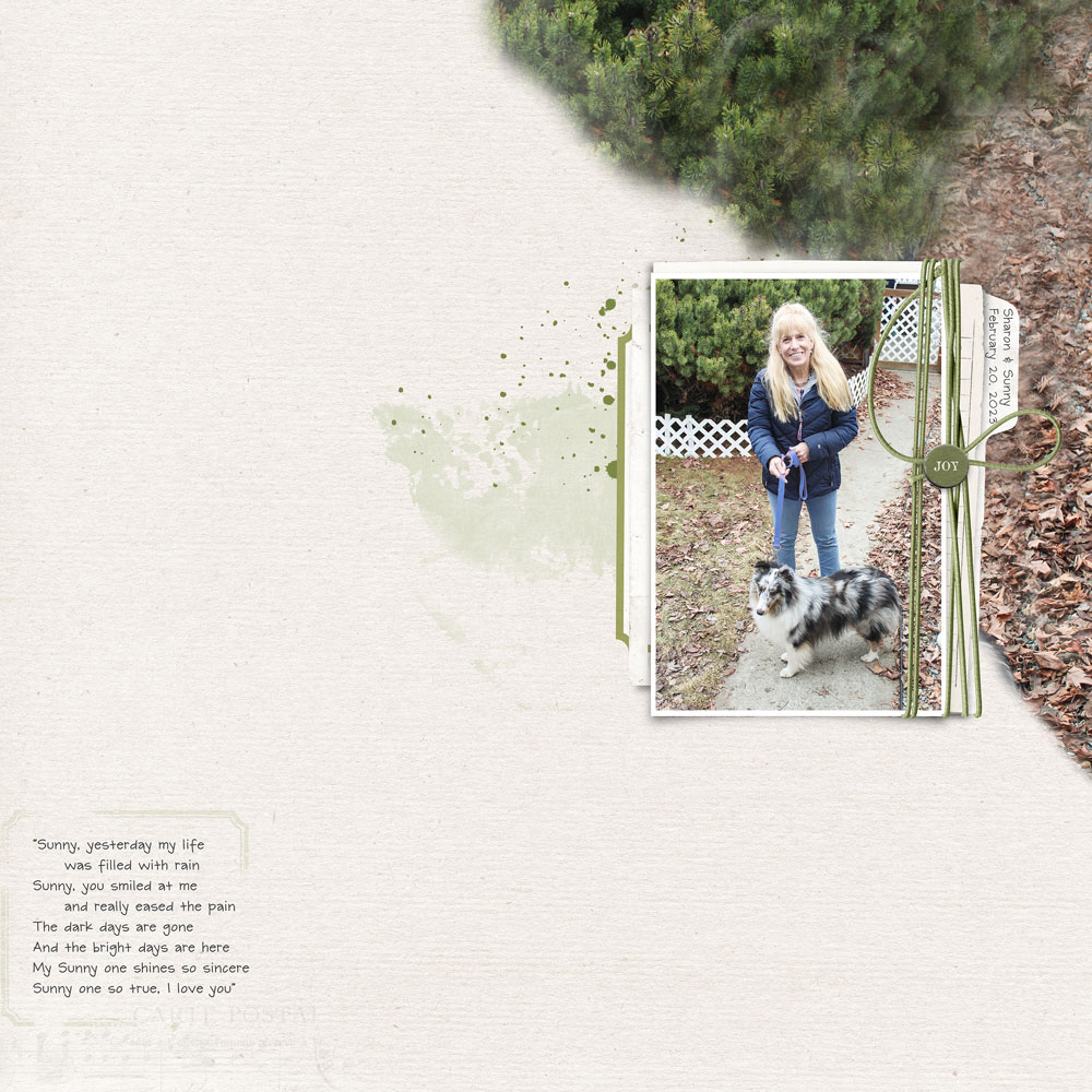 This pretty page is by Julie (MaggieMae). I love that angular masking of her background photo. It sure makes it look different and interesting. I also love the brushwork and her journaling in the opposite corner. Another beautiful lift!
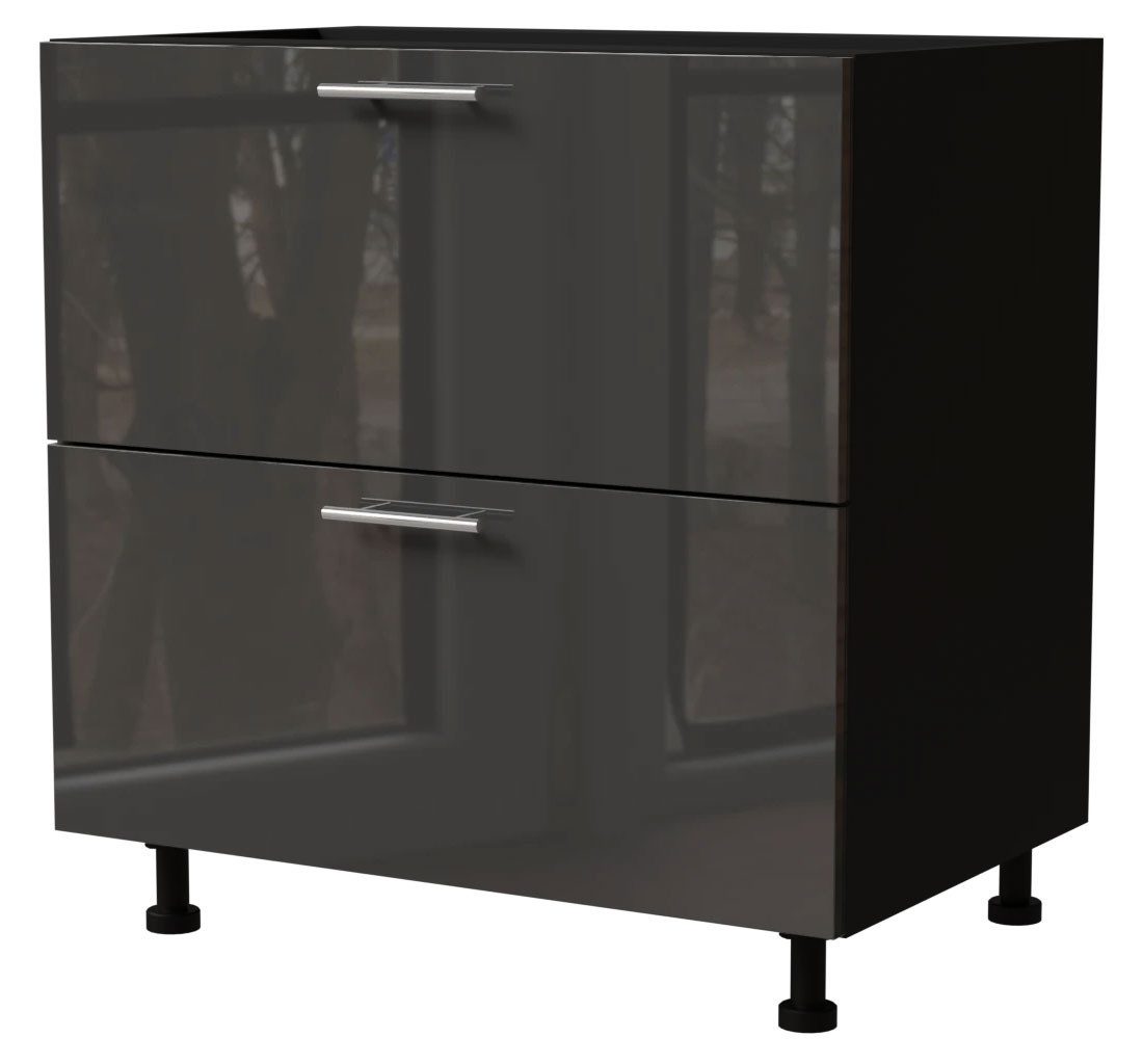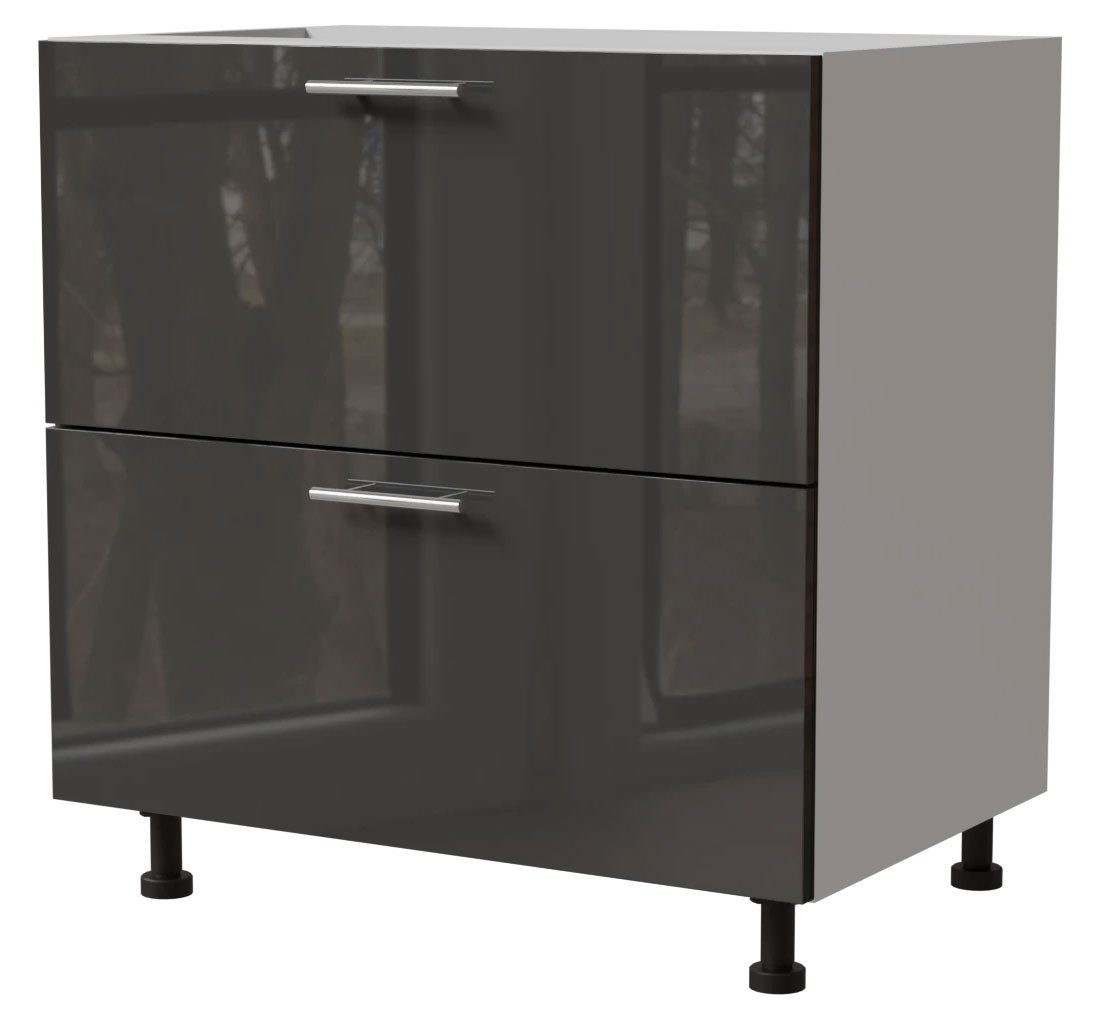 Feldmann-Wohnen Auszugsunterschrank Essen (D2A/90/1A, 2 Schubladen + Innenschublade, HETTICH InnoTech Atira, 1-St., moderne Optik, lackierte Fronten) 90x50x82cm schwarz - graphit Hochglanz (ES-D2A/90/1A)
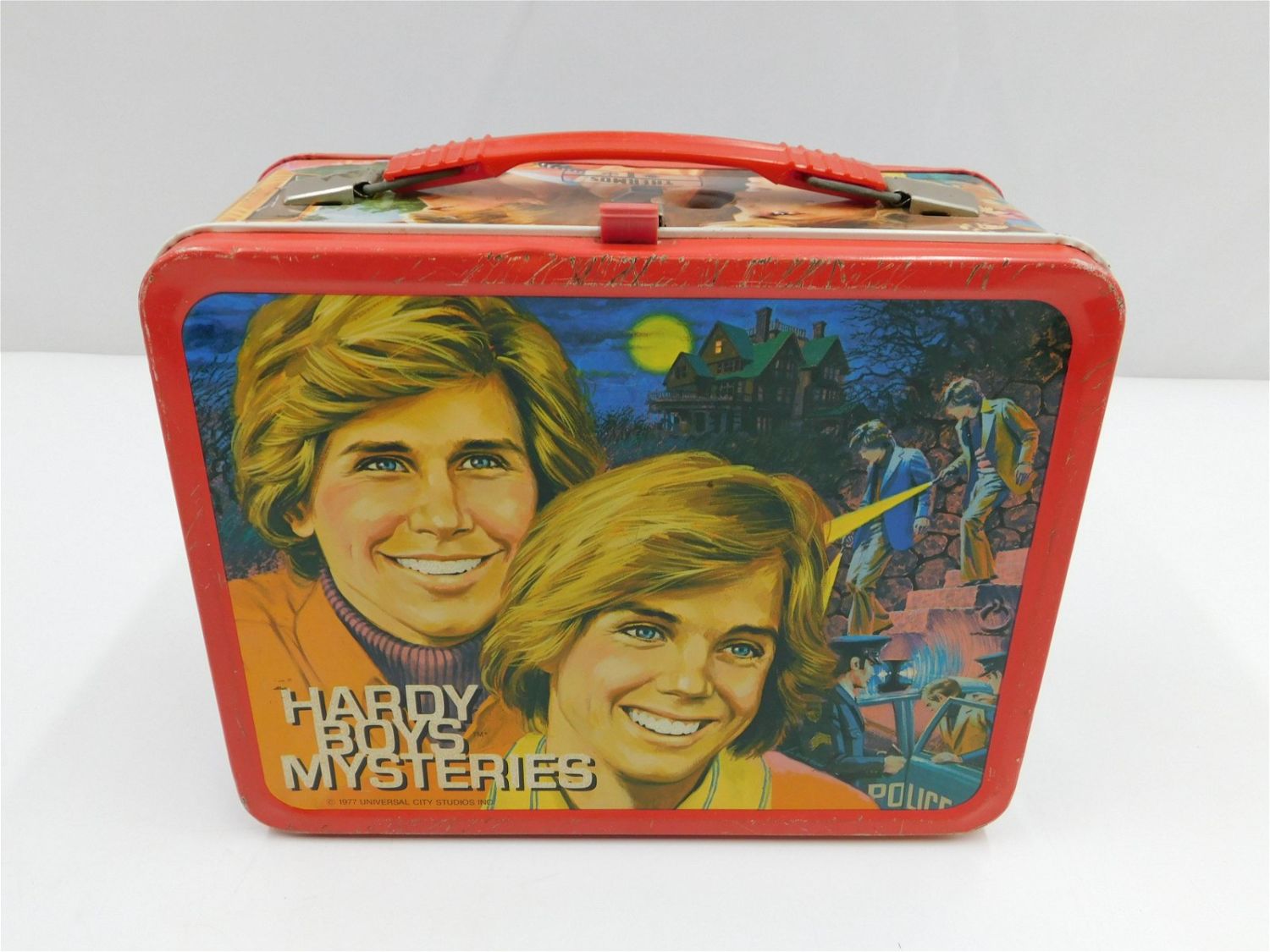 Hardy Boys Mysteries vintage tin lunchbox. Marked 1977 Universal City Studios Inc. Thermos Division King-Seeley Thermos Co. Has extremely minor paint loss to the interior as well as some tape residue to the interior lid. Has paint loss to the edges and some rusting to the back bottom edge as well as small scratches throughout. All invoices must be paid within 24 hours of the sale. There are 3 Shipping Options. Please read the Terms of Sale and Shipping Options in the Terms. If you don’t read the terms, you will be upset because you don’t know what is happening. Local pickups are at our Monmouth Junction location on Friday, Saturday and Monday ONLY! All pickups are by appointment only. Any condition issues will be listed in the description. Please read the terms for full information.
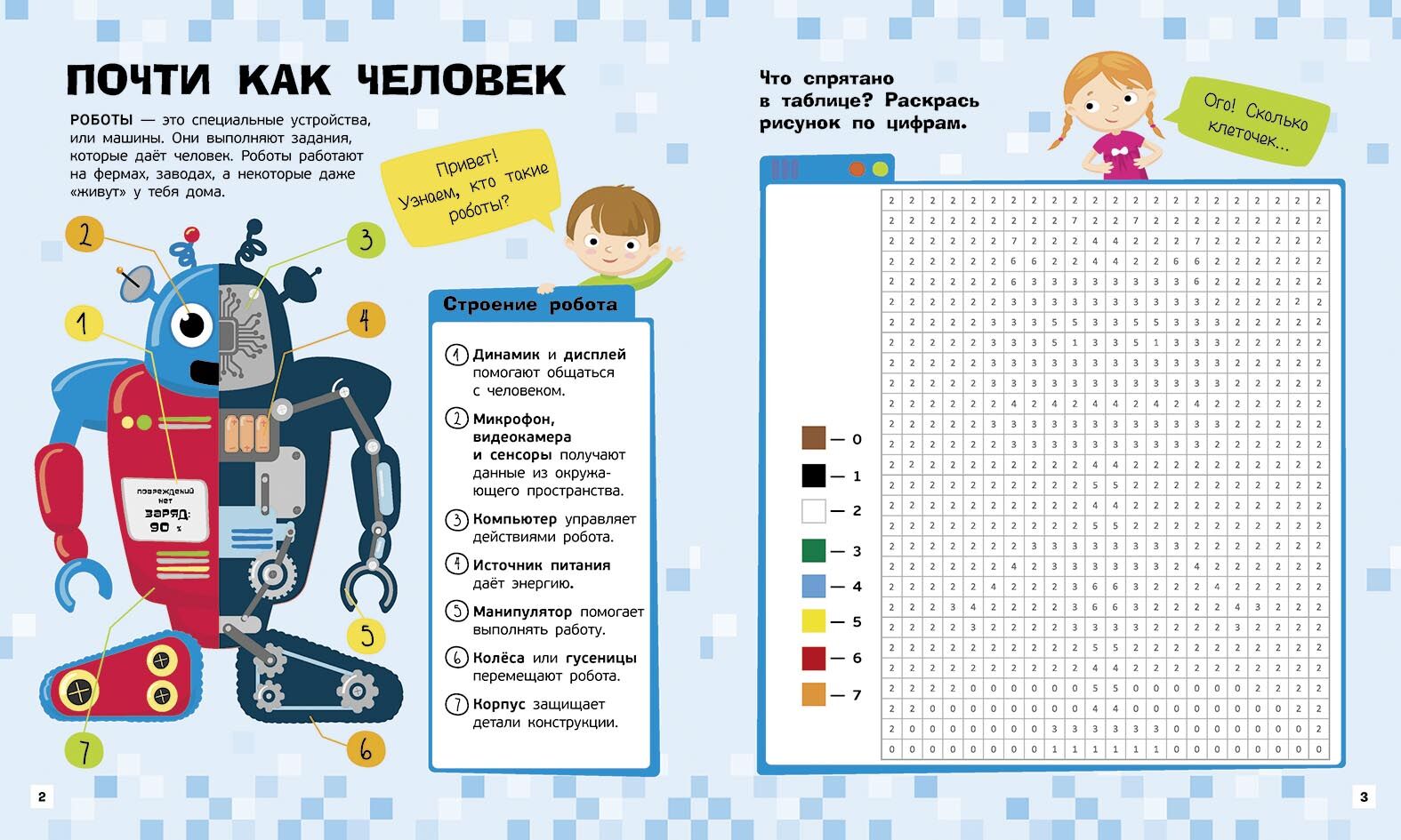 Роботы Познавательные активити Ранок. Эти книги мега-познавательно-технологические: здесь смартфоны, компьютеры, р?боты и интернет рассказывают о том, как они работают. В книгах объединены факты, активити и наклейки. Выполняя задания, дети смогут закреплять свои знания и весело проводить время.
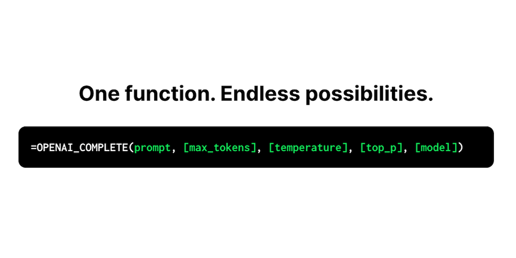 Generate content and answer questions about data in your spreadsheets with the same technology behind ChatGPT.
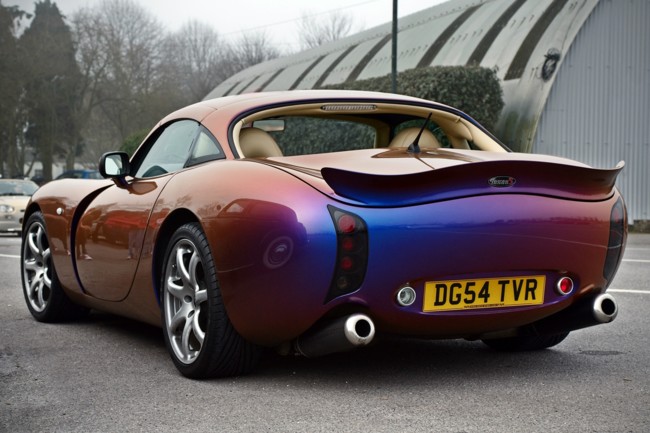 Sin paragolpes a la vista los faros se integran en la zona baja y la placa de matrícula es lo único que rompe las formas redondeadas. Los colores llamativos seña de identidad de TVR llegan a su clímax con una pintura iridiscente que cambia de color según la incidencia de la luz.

(What is required): Set down nothing but the lines from the one containing "Generate content and" to the final line above, both included, with every picture left out.

(Expected output):
 Generate content and answer questions about data in your spreadsheets with the same technology behind ChatGPT.
 Sin paragolpes a la vista los faros se integran en la zona baja y la placa de matrícula es lo único que rompe las formas redondeadas. Los colores llamativos seña de identidad de TVR llegan a su clímax con una pintura iridiscente que cambia de color según la incidencia de la luz.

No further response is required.